South Africans love to complain about Telkom. It’s been a national pastime for years. The customer service problems associated with the fixed-line operator are the stuff of legend — and nightmare.
So, when Telkom’s CEO, Sipho Maseko, steps up to the plate and promises to fix these deep-seated problems, it’s easy to suggest he’s simply spouting empty rhetoric.
But it would be wrong to dismiss him. A palpable change in attitude and approach is sweeping through the corridors at Telkom Towers.
It’s a change born of necessity. Telkom is facing a ruthlessly competitive environment. It has lost the monopoly it once enjoyed. Across most parts of its business — undersea cables, national backhaul infrastructure, metropolitan networks — it is facing intense rivalry for the first time. And in the one area where it still has exclusivity — fixed lines in homes and businesses — it’s come up against growing competition from mobile and wireless operators.

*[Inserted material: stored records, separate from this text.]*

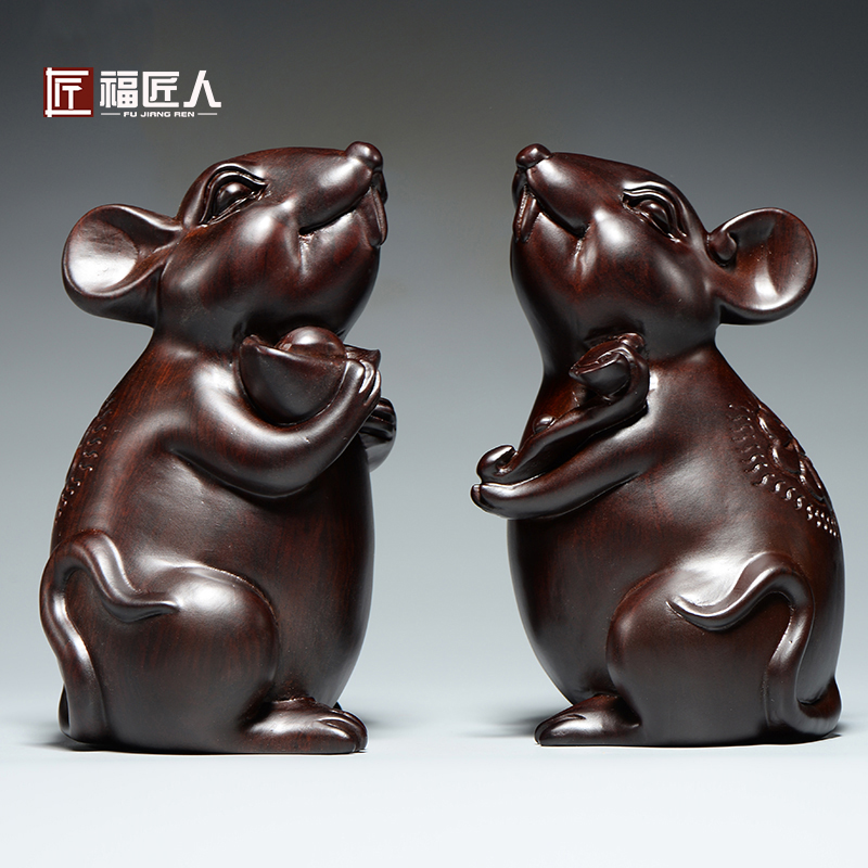 黑木老鼠实办公檀桌面生肖木雕工艺品木制家居摆客厅装饰十二鼠件热门设计联盟服务商
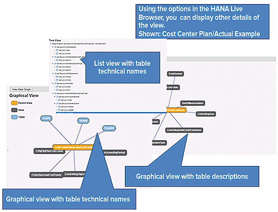 As mentioned previously, the next step would be to examine the underlying tables from which the view sources the data. In this case I show the plan/actual view of the HANA Live view (Figure 5). Please note that this figure is actually a compilation of three different HANA Live browser screens. One shows the underlying tables in list form; the other two are graphical views. With the graphical presentation there are two options: One shows the table labels, and the other shows the technical names of the tables in the view.
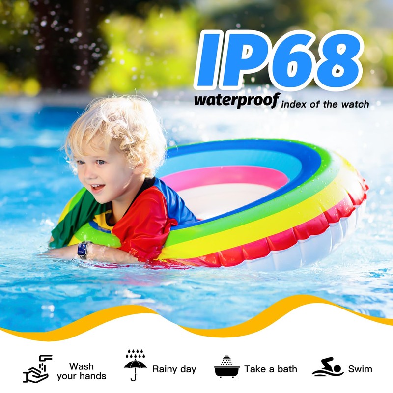 - Make Kids Fitness Fun and Build Healthy Habits : All-Day Activity Tracking: Automatically tracks your kids steps,distance and calories burned.Supports 19 activity modes:swimming,running,walking,cycling,yoga,football,basketball,etc. Sedentary reminder,Drink water reminder,Call/SMS/Message reminder,etc., IP68 waterproof, ready play in water
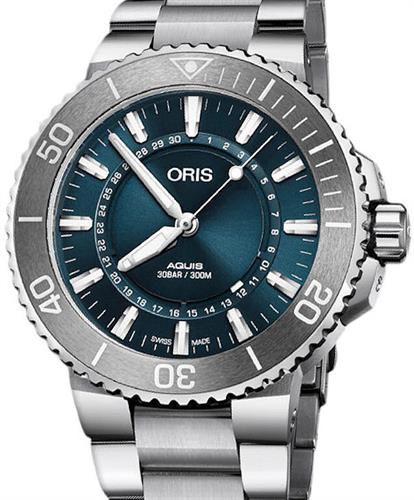 Oris Aquis Source of Life Limited Edition model 01 733 7730 4125-Set MB. Swiss made Oris 733 automatic movement. Blue dial with polished steel hour markers and hands. Fully visible date calendar ring. Ratcheted 60 minute tungsten plated bezel. Stainless steel case on bracelet. Special engravings on the back of the watch. Sapphire. Rated 300 meters water resistant. Limited to 2343 pieces
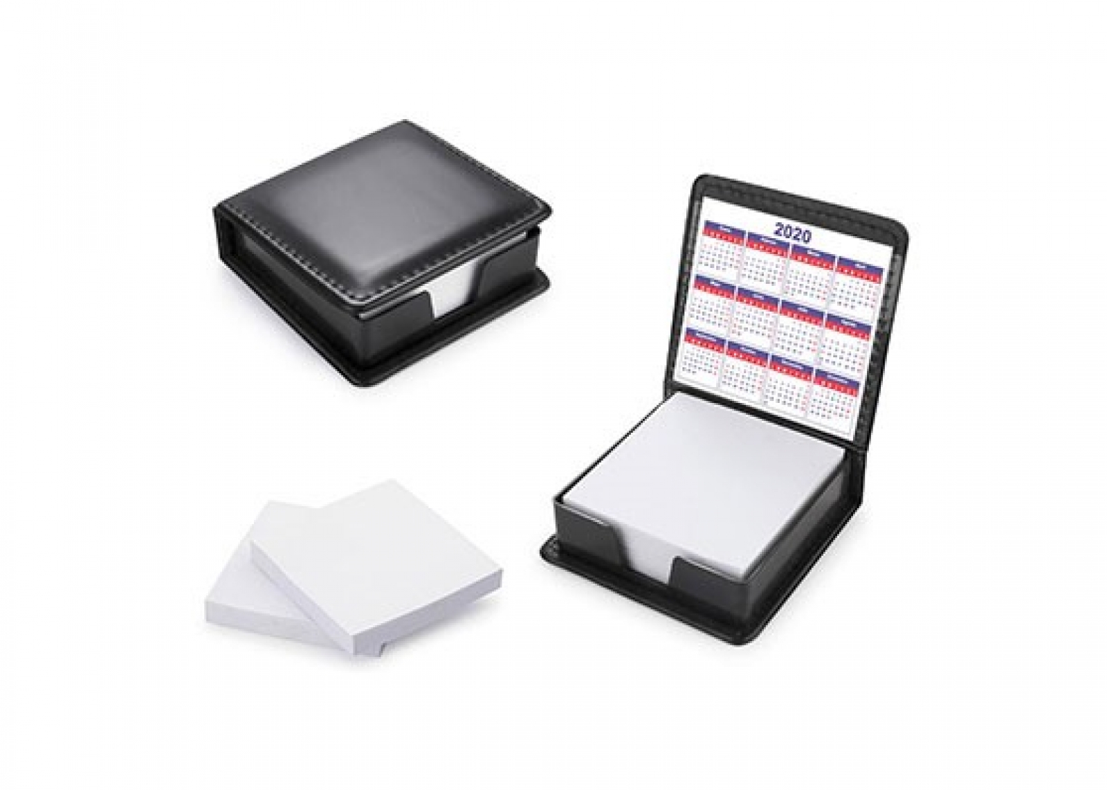 Set de 2 tacos de memos adhesivos color blanco de 100 hojas cada uno. Incluye calendario 2019 - 2020 y estuche con tapa sintética.
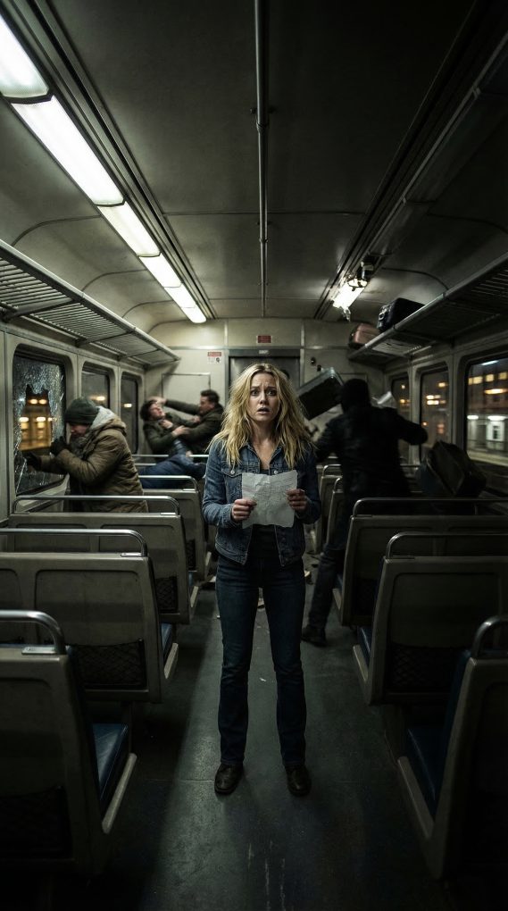 Part 1: The Note on the Train The train was already moving when the conductor reached my seat. It was late, somewhere between states, the kind of quiet overnight ride where everyone kept to themselves. I handed him my ticket, barely looking up. He punched it quickly, but instead of giving it back right away, he paused. Then he slipped something small into my hand. “Change carriages. Now.” I frowned, glancing down at the note. “What?” I looked up, confused. “Why?” He didn’t meet my eyes. His jaw tightened slightly, and he leaned closer, just enough for me to hear. “Do it,” he muttered. Something about his tone made my chest tighten. It wasn’t a suggestion. It was fear. Real fear. I turned to look around my carriage. Everything seemed normal. A couple arguing quietly across the aisle. A man asleep with his head against the window. A blonde woman scrolling on her phone a few rows ahead. Nothing out of place. “Is this some kind of joke?” I asked, but the conductor had already moved on. He didn’t look back. I stared at the note again, my fingers tightening around it. “Change carriages. Now.” My pulse began to rise for no reason I could explain. I stood up slowly, grabbing my bag. As I stepped into the aisle, the train lurched slightly, the lights flickering once overhead. I hesitated. Maybe I was overreacting. But then I noticed something. The man by the window… he wasn’t sleeping. His eyes were open. Wide. Staring straight ahead, completely still. The couple across the aisle had stopped arguing. They were just sitting there now, silent, their faces pale. The blonde woman slowly lowered her phone, her expression changing into something tense… something wrong. A chill ran down my spine. I didn’t wait anymore. I moved quickly toward the next carriage door and pushed through. The moment I stepped inside, the door slammed shut behind me with a heavy metallic bang. I turned back just in time to see the lights in the carriage I left flicker violently… then go out completely. For a split second, through the small window in the door, I saw movement. Fast. Violent. Then the screaming started.
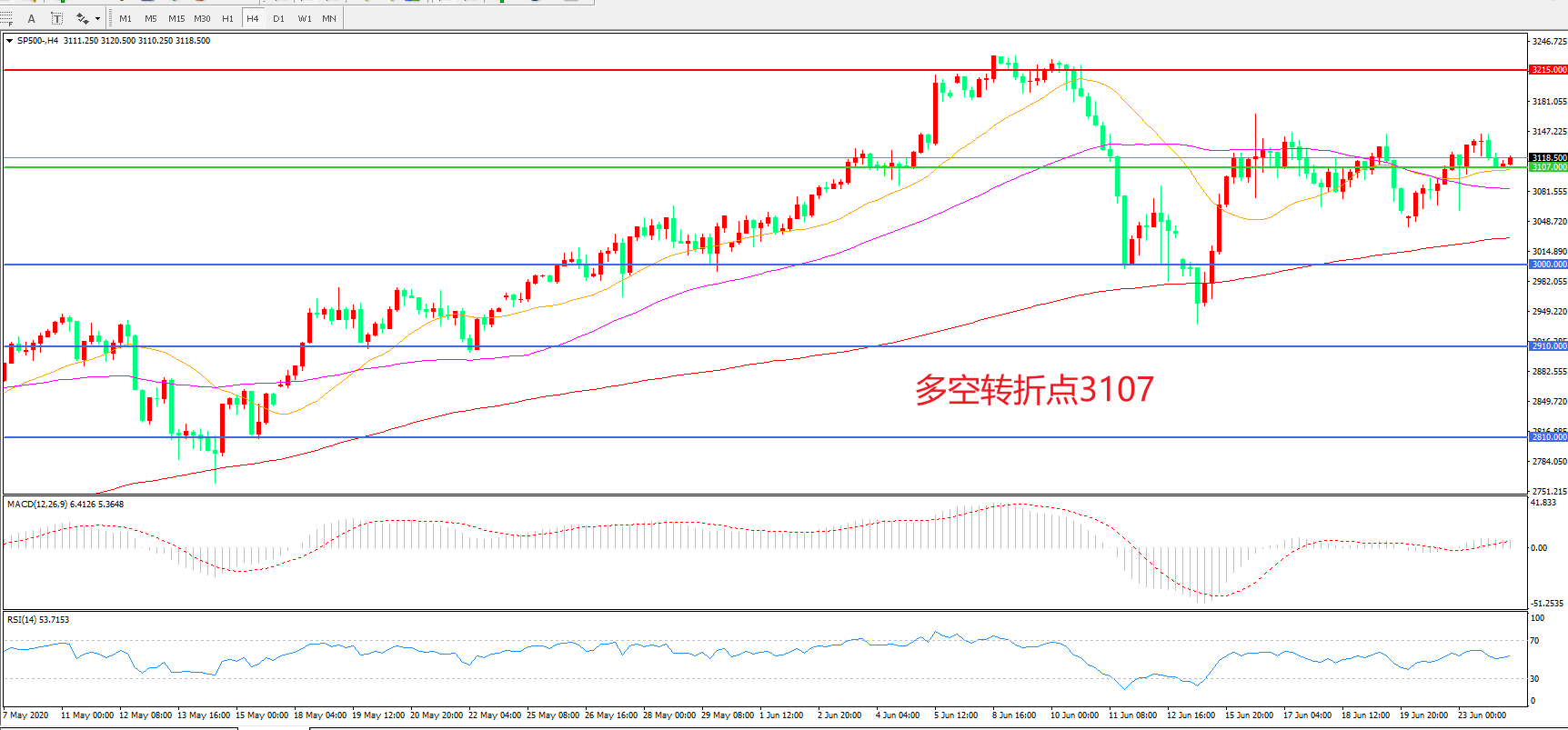 多空转折点:3107.00
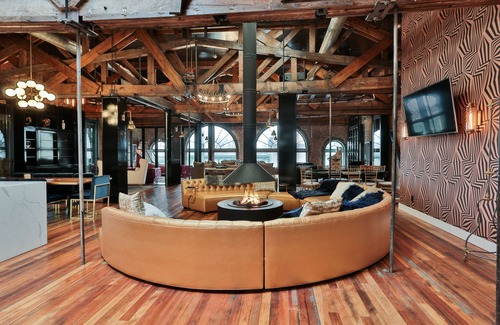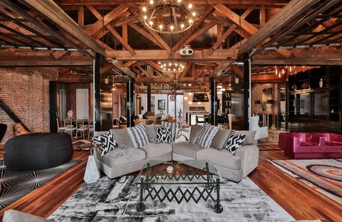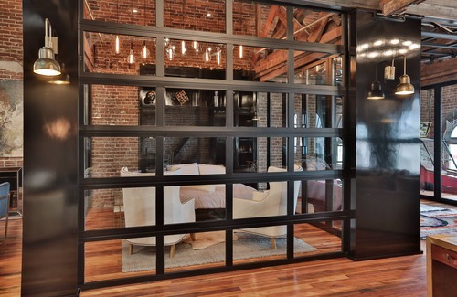 This swanky loft has so many WOW factors your eyes will be dancing! Enter the setting through the vintage revolving door or conveniently on the elevator and arrive on the scene of this character-packed accommodation. The owners have transformed this late 1800s space from what was once a clothing factory into what looks like a scene from a James Bond movie. You’ll enjoy features from its former glory such as original trusses, exposed brick and hardwood floors. And the updated details will blow your mind.
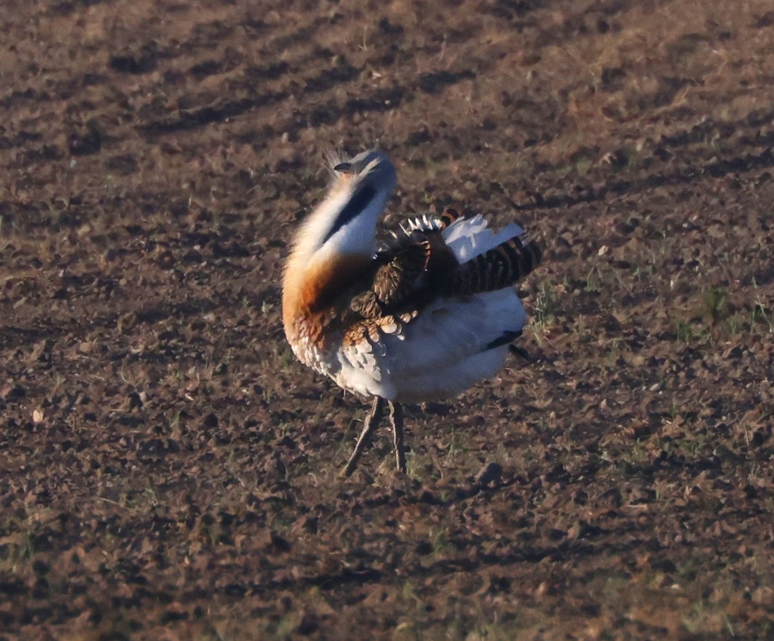 Beskrivelse: Beskrivelse: Beskrivelse: Så lykkedes det endelig at komme på rimelig fotoafstand til stortrapperne. De viste deres parringsdans i den spæde morgensol.
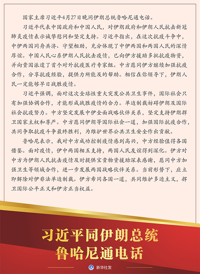 習近平代表中國政府和中國人民,對伊朗政府和伊朗人民抗擊新冠肺炎疫情表示誠摯慰問和堅定支持。習近平指出,在這次抗疫斗爭中,中伊兩國同舟共濟、守望相助,充分體現(xiàn)了中伊兩國和兩國人民的深情厚誼。中國人民心系伊朗人民抗擊疫情,已向伊方援助多批抗疫物資,并向貴國派遣了首個對外抗疫醫(yī)療專家組。中方愿同伊方繼續(xù)加強抗疫合作,分享抗疫經驗,提供力所能及的幫助。相信在你領導下,伊朗人民一定能夠早日戰(zhàn)勝疫情。
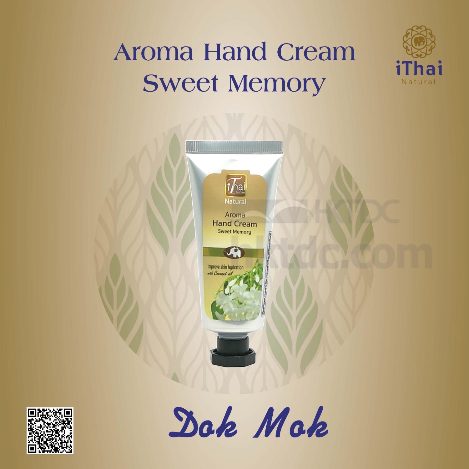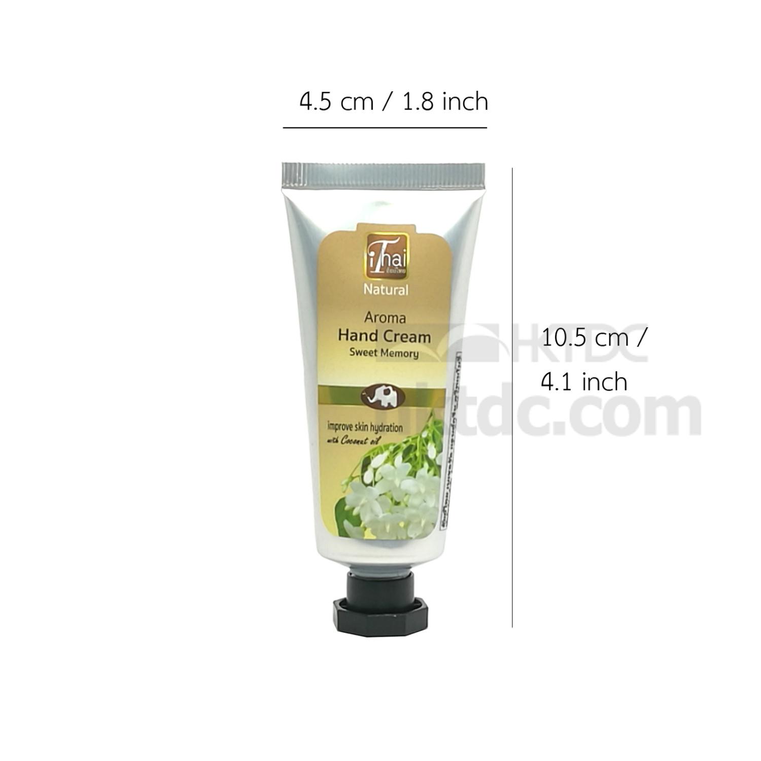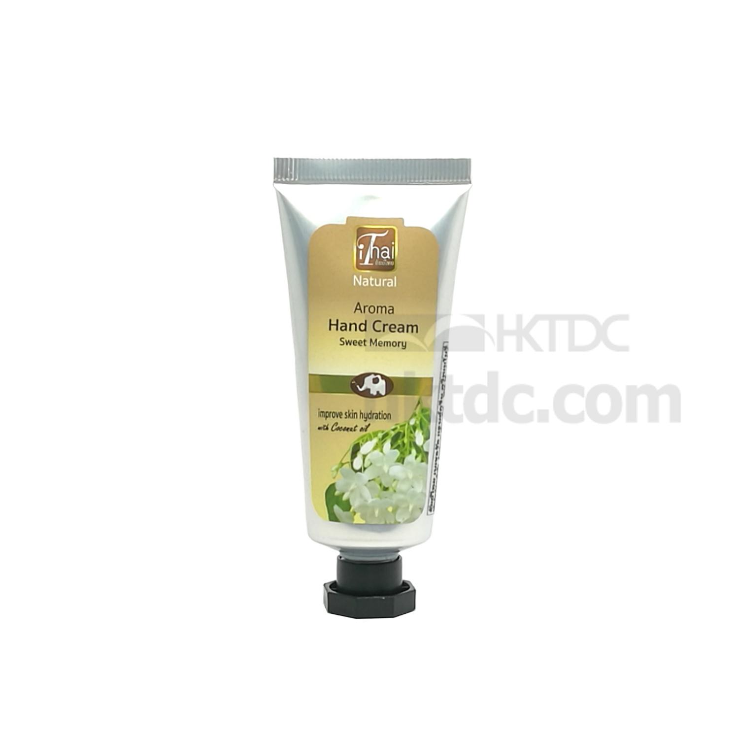 The iThai Natural Aroma Hand Cream - Sweet Memory is moisturizing cream with 5 natural oils, shea butter and effect of centella extract to help reduce free radicles and promote antiaging for skin.

As the resident-led fibre project in the Johannesburg suburb of Parkhurst shows, the first alternative “last mile” fixed-line providers have also started emerging.
Telkom is under enormous pressure to be leaner and meaner. Unless it starts growing its revenues, which have flatlined, more job cuts appear inevitable.
Maseko, who has held the Telkom top job since April last year, admits that he underestimated the extent of consumer unhappiness.
Fixing this must be an urgent priority if Telkom is going to defend its position not only in the retail consumer space, but also in the more lucrative business market, he says.
“Before people become your business customers, they are your consumer customers. If you can’t satisfy them there, when they find solutions on the enterprise side, they will move.”
So, how does he plan to fix it?
For one thing, customer service is being embedded in all employees’ performance contracts for the first time. “It’s an organisational measurement and forms part of how people will be rewarded,” said Maseko.
Chief operating officer Brian Armstrong says Telkom is one year into a three-year programme to ensure customer service is addressed. “There are encouraging signs, but there is still a lot to do.”
The focus in the consumer market is on how people interact with Telkom when buying services or reporting faults. There’s also a focus on making products simpler and easier to understand and addressing the technical challenges consumers face with broadband.
In the business market, the priorities are moving customers away from legacy voice and data products. It’s also focused on providing more complex value-adding services, especially in IT. Its R2,7bn bid to buy services company Business Connexion forms a cornerstone of this plan, although Armstrong says Telkom also intends building aspects of its capabilities in this area organically.
The company seems deadly serious about its objectives. It is using management research tools — based on Net Promoter scores — to determine what people find obnoxious about it and what is driving customer loyalty. It is using this information in fixes it applies.
Somewhat surprisingly, Telkom doesn’t believe that simply chopping prices will make customers react positively. Armstrong says research shows that consumers would continue substituting fixed lines with mobile even if Telkom didn’t hike line rental charges each year.
Instead, he says, the company must focus on positioning fixed lines as a premium product versus mobile alternatives by adding value-added services, especially video-on-demand content, on top of its broadband lines.
Of course, to those customers frustrated by Telkom’s inability to install lines, fix faults timeously or even simply answer its call centre phones, this means little. Fortunately for these customers, Telkom is running out of time. It has no choice but to fix its legendary customer service problem.
Not doing so would be akin to lowering the drawbridge and inviting the competition to invade.